RECORDS TO PROCESS:
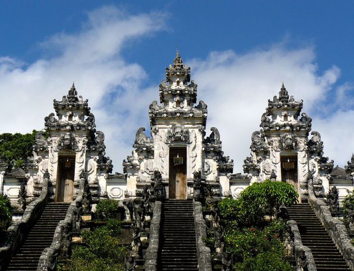 Остров Бали — оплот индуизма в центре мусульманской Индонезии. Если на соседних островах вашему взору предстанут в основном мечети, то на Бали своим разнообразием поражают индуистские храмы. Зачастую Бали называют островом богов, доля правды в этом есть, ведь местные жители искренне верят в существование духов, готовя им вкусные подношения несколько раз в день. Если говорить про храмы Бали, то их точное количество неизвестно, наверное, даже самим балийцам, потому что в каждой деревне по правилам должно находиться минимум три храма — один Pura Puseh, который строится в чистой части деревни, второй Pura Desa, располагающийся в центре деревни для проведения основных мероприятий и являющий центром культурной и религиозной жизни, ну и третий — Pura Dalem, т.е. храм смерти, где проводят ритуалы, связанные с погребением умерших. Более того, во дворе каждой семьи еще расположены «домашние» храмы предков.
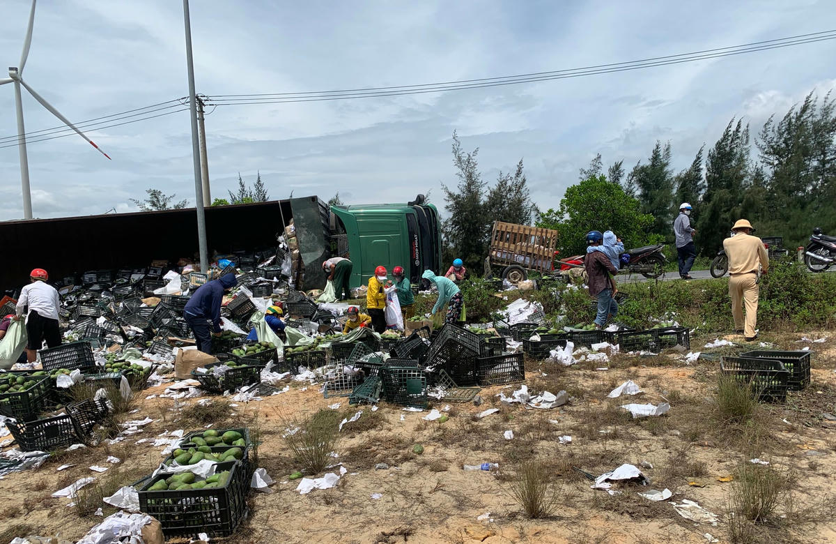 Rơ moóc bị lật, người dân gom nhặt hơn 30 tấn xoài giúp tài xế
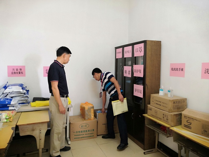 梁炳華督學(xué)先后視察了入校測(cè)溫點(diǎn),防疫物資儲(chǔ)備室,教師辦公室,學(xué)校教室、功能室、操場(chǎng)和后山,以及校園安全防范設(shè)施等等,詳細(xì)詢問了學(xué)校近期各項(xiàng)工作的開展情況,以及存在的現(xiàn)實(shí)困難與問題。過程中,何應(yīng)文主任對(duì)防疫物資儲(chǔ)備情況以及消防安全設(shè)施建設(shè)作了細(xì)致講解;陳寶瑩主任將當(dāng)前學(xué)校的教育教學(xué)情況逐一反饋;王輝副校長(zhǎng)就學(xué)校如何貫徹落實(shí)國(guó)家教育法律法規(guī)和三角鎮(zhèn)教體文旅局重點(diǎn)工作、課程開設(shè)、特色建設(shè)等方面進(jìn)行了簡(jiǎn)單的工作匯報(bào)。
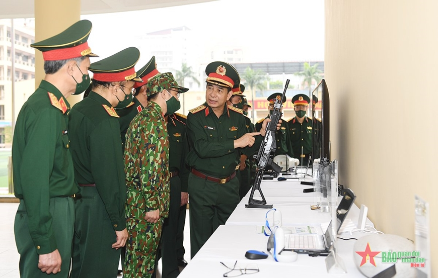 Buổi sáng, Đại tướng Phan Văn Giang dành thời gian tham quan, kiểm tra kết quả nghiên cứu khoa học, các sản phẩm khoa học của Học viện. Tại khu vực trưng bày sản phẩm “Súng bắn hai môi trường”, sau khi Thiếu tá Nguyễn Văn Hưng – giảng viên Bộ môn Vũ khí/Khoa Vũ khí, báo cáo cấu tạo, tính năng kỹ thuật, chiến thuật của súng, đồng chí Bộ trưởng đưa tay kéo khóa nòng với động tác mạnh, dứt khoát, nghiêng mặt súng xem các chi tiết rồi đề nghị nhóm đề tài cần nghiên cứu chỉnh sửa một số cấu tạo của súng để người dùng dễ sử dụng.
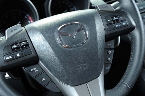 | Mazda3未能將換檔撥片的升降檔作一左一右的設計增加便利性,這是相當可惜的地方。 |
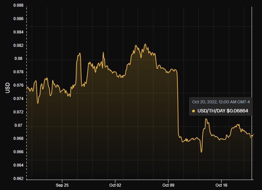 En el lapso de las últimas dos semanas, el hahsprice de bitcoin también sufrió consecuencias negativas. Este es un valor que se asigna a una unidad de poder de cómputo (otra forma de denominar el hashrate). El hashprice se designa en dólares (USD) y es un estimado de la ganancia diaria que se obtiene por cada terahash (TH) que invierte un equipo de minería en la red.
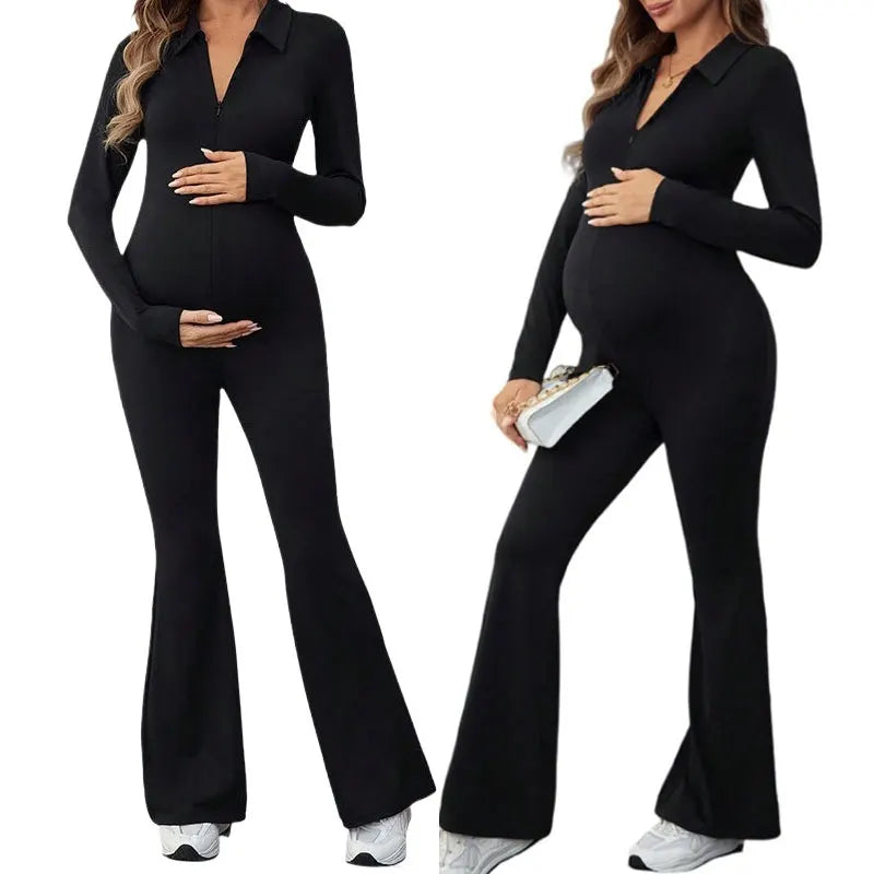 Stay stylish and supported throughout pregnancy and beyond with this maternity slim fit flared jumpsuit. Crafted from a soft, moderately stretchy fabric, this one-piece is designed to offer both comfort and contour, ideal for modern moms.
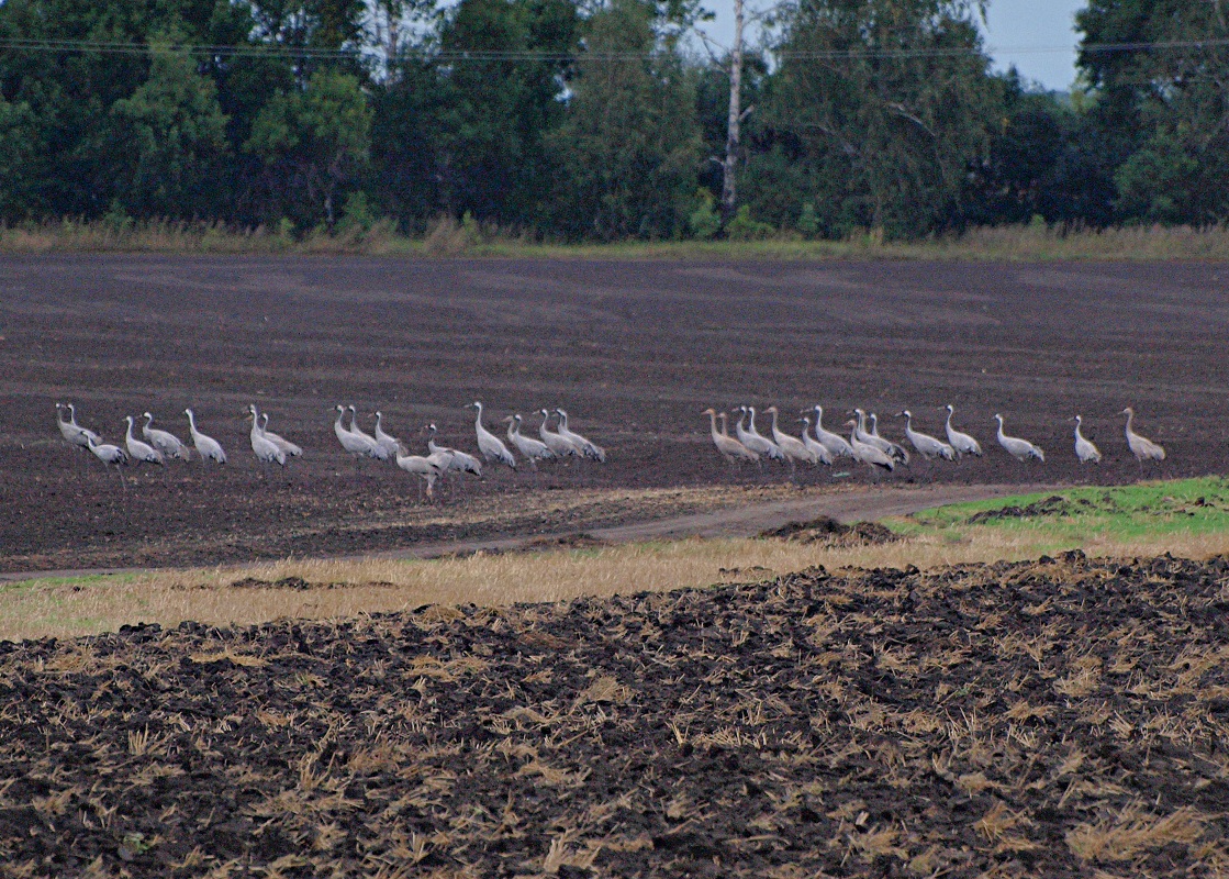 | Денис Карацуба | Опять возвращаюсь к орнитологической теме. На снимке молодой кобчик, вставший на крыло в уходящем сезоне, а также стая журавлей, остановившаяся на отдых на вспаханном поле. Фотографии сделаны из машины. Ездили со знакомыми орнитологами-любителями. Я снимал "пивной банкой" — объективом с ф.р. 300 мм. На моём Олимпусе с кропом 2 это даёт внушительные 600 мм. Как видим, всё равно мало. Вообще, фотоохотник из меня никудышный. На то, чтобы подкрадываться к объекту или караулить в засидке у меня никогда терпения не хватало. По этой же причине и рыбалку никогда не любил. Через пол часа всё надоедало. Мне нужен активный поиск. Растения для этого больше подходят. P9102574_обработано_обработано.JPG |
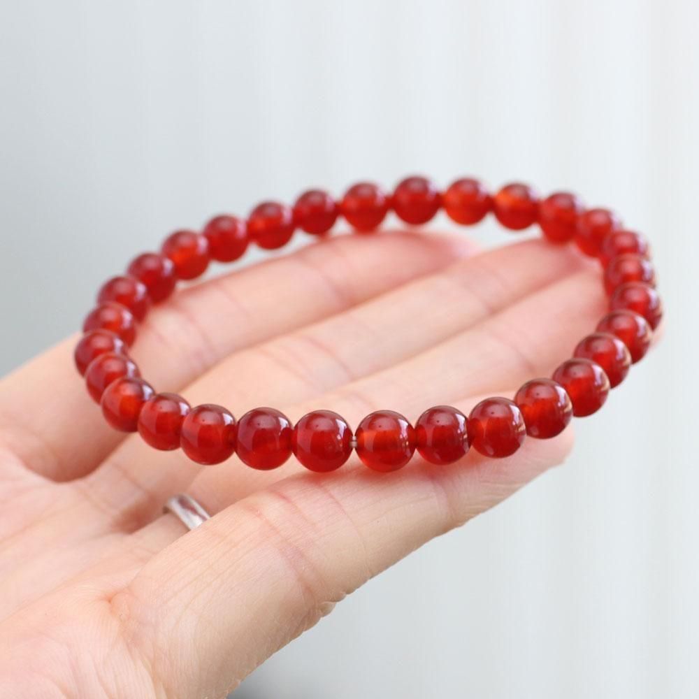 アゲートを使用したブレスレットでございます。深みのある赤色が美しく、年代問わず人気の高い天然石でございます。さりげなく上品にお使い頂ける、約6mmサイズでご用意致しました。
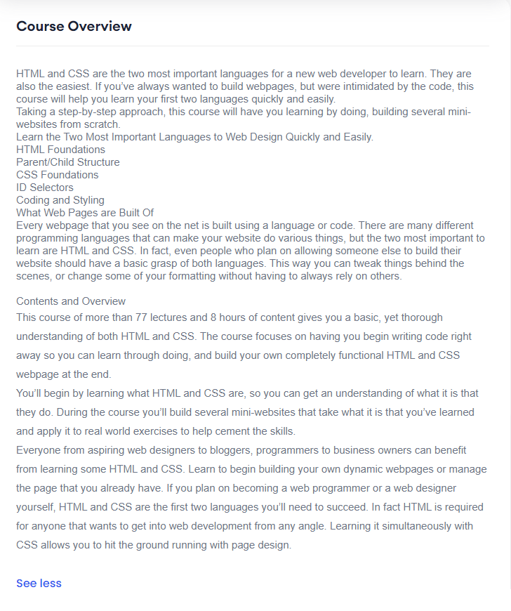 You can view the Overview, Course Content, Details, Instructor and Reviews by clicking on the respective buttons.
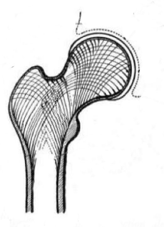 L'os est creux : ce col du fémur montre la trame osseuse en ogives dont la direction dépend des pressions et tractions qui agissent sur l'os . Ces "travées" sont très visibles sur une bonne radio.

WORK TO COMPLETE: Each record should be quoted exactly, with the images omitted.

EXERCISE RESULT:
 Остров Бали — оплот индуизма в центре мусульманской Индонезии. Если на соседних островах вашему взору предстанут в основном мечети, то на Бали своим разнообразием поражают индуистские храмы. Зачастую Бали называют островом богов, доля правды в этом есть, ведь местные жители искренне верят в существование духов, готовя им вкусные подношения несколько раз в день. Если говорить про храмы Бали, то их точное количество неизвестно, наверное, даже самим балийцам, потому что в каждой деревне по правилам должно находиться минимум три храма — один Pura Puseh, который строится в чистой части деревни, второй Pura Desa, располагающийся в центре деревни для проведения основных мероприятий и являющий центром культурной и религиозной жизни, ну и третий — Pura Dalem, т.е. храм смерти, где проводят ритуалы, связанные с погребением умерших. Более того, во дворе каждой семьи еще расположены «домашние» храмы предков.
 Rơ moóc bị lật, người dân gom nhặt hơn 30 tấn xoài giúp tài xế
 梁炳華督學(xué)先后視察了入校測(cè)溫點(diǎn),防疫物資儲(chǔ)備室,教師辦公室,學(xué)校教室、功能室、操場(chǎng)和后山,以及校園安全防范設(shè)施等等,詳細(xì)詢問了學(xué)校近期各項(xiàng)工作的開展情況,以及存在的現(xiàn)實(shí)困難與問題。過程中,何應(yīng)文主任對(duì)防疫物資儲(chǔ)備情況以及消防安全設(shè)施建設(shè)作了細(xì)致講解;陳寶瑩主任將當(dāng)前學(xué)校的教育教學(xué)情況逐一反饋;王輝副校長(zhǎng)就學(xué)校如何貫徹落實(shí)國(guó)家教育法律法規(guī)和三角鎮(zhèn)教體文旅局重點(diǎn)工作、課程開設(shè)、特色建設(shè)等方面進(jìn)行了簡(jiǎn)單的工作匯報(bào)。
 Buổi sáng, Đại tướng Phan Văn Giang dành thời gian tham quan, kiểm tra kết quả nghiên cứu khoa học, các sản phẩm khoa học của Học viện. Tại khu vực trưng bày sản phẩm “Súng bắn hai môi trường”, sau khi Thiếu tá Nguyễn Văn Hưng – giảng viên Bộ môn Vũ khí/Khoa Vũ khí, báo cáo cấu tạo, tính năng kỹ thuật, chiến thuật của súng, đồng chí Bộ trưởng đưa tay kéo khóa nòng với động tác mạnh, dứt khoát, nghiêng mặt súng xem các chi tiết rồi đề nghị nhóm đề tài cần nghiên cứu chỉnh sửa một số cấu tạo của súng để người dùng dễ sử dụng.
 | Mazda3未能將換檔撥片的升降檔作一左一右的設計增加便利性,這是相當可惜的地方。 |
 En el lapso de las últimas dos semanas, el hahsprice de bitcoin también sufrió consecuencias negativas. Este es un valor que se asigna a una unidad de poder de cómputo (otra forma de denominar el hashrate). El hashprice se designa en dólares (USD) y es un estimado de la ganancia diaria que se obtiene por cada terahash (TH) que invierte un equipo de minería en la red.
 Stay stylish and supported throughout pregnancy and beyond with this maternity slim fit flared jumpsuit. Crafted from a soft, moderately stretchy fabric, this one-piece is designed to offer both comfort and contour, ideal for modern moms.
 | Денис Карацуба | Опять возвращаюсь к орнитологической теме. На снимке молодой кобчик, вставший на крыло в уходящем сезоне, а также стая журавлей, остановившаяся на отдых на вспаханном поле. Фотографии сделаны из машины. Ездили со знакомыми орнитологами-любителями. Я снимал "пивной банкой" — объективом с ф.р. 300 мм. На моём Олимпусе с кропом 2 это даёт внушительные 600 мм. Как видим, всё равно мало. Вообще, фотоохотник из меня никудышный. На то, чтобы подкрадываться к объекту или караулить в засидке у меня никогда терпения не хватало. По этой же причине и рыбалку никогда не любил. Через пол часа всё надоедало. Мне нужен активный поиск. Растения для этого больше подходят. P9102574_обработано_обработано.JPG |
 アゲートを使用したブレスレットでございます。深みのある赤色が美しく、年代問わず人気の高い天然石でございます。さりげなく上品にお使い頂ける、約6mmサイズでご用意致しました。
 You can view the Overview, Course Content, Details, Instructor and Reviews by clicking on the respective buttons.
 L'os est creux : ce col du fémur montre la trame osseuse en ogives dont la direction dépend des pressions et tractions qui agissent sur l'os . Ces "travées" sont très visibles sur une bonne radio.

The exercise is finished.